После третьего ручья местность вокруг стала более суровой. Идти приходилось почти все время вверх, и маленькие ручейки бежали теперь сверху вниз ему навстречу рядом с тропой или пересекая ее. Путь был ясно виден. Кто проложил его? когда? – ни малейшего указания на это, ни малейшего признака, что кто-либо недавно проходил здесь. Но дорога безусловно существовала и вела к какой-то вполне конкретной цели, все выше и выше, лентой извиваясь по склону горы, но всегда повинуясь основному направлению. Дорога была для чего-то проложена – это единственное, что он понял, и позволил ей вести себя.
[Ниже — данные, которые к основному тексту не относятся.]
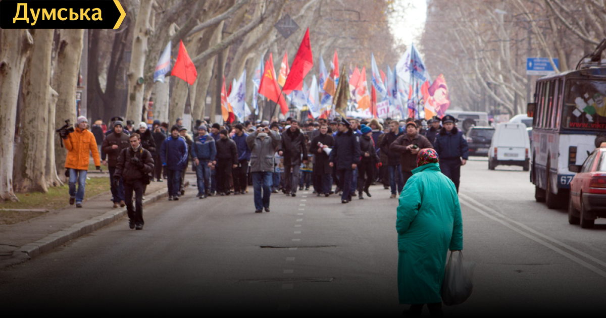 Впервые вижу общественность с 10 (десятью) флагами города Одессы! Сам хожу на митинги, но простые люди с такими флагами не ходят. Эта группа точно проплаченная или кидаловскими студентам обязаловка. Но конечно много людей пришли по своим идеологическим взглядам, непонятно только — им не нравится Свобода, а жизнь сегодня от ПР, бюджет меньше прошлого года, фактическое отсутствие(раньше по 5 раз поднимали на 20 грн) поднятие зарплат, пенсий.

Вокруг стеной стоял лес, под гигантскими елями тяжело лежали густые сумерки. Вокруг не было ни звука, лишь в вершинах елей величаво и негромко вздыхал ветер. Хью попадались следы кроликов, мышей и еще каких-то застенчивых лесных зверюшек, однажды рядом с тропой он заметил маленький череп, но ни одного живого зверька так и не видел. Казалось, здесь каждое существо старается держаться в одиночестве. И он тоже ощутил себя совершенно одиноким, карабкаясь вверх по затянутым туманом склонам в неизменной тишине леса. Он словно вдруг увидел себя со стороны – очень маленького, бредущего через этот дикий край из ниоткуда в никуда. Так он мог бы идти до бесконечности. Потому что здесь, где нет показывающих время часов, существовало лишь понятие «сейчас» и путь в бесконечность лежал в настоящем времени.

Голод помешал его размеренному движению вперед. Он остановился и поел, а когда снова тронулся в путь, почувствовал себя гораздо более собранным и бодрым. Теперь местами дорога поднималась настолько круто, что ему, чтобы передохнуть, приходилось вставать на четвереньки, и тогда он чувствовал руками мощные складки горы, необычайную глубинную силу земли, рвущуюся наружу из-под ее грубой шкуры, заросшей скалами и корнями деревьев. Уже довольно давно тропа ушла влево от той оси, на которой лежал родник у порога, а теперь постепенно возвращалась к прежнему направлению и в конце концов выровнялась точно по оси. Теперь он мог идти выпрямившись, шагал свободно, и это принесло облегчение. Ели толпились вокруг густые, высокие, темные, под ними лежала плотная тень, но впереди он видел светлую ленту широкой тропы, здесь превратившейся в почти настоящую дорогу. И в легком горном воздухе он почувствовал, потом еще и еще раз долетевший до него слабый запах дыма.

Он шел теперь размашистым, бодрым, уверенным шагом.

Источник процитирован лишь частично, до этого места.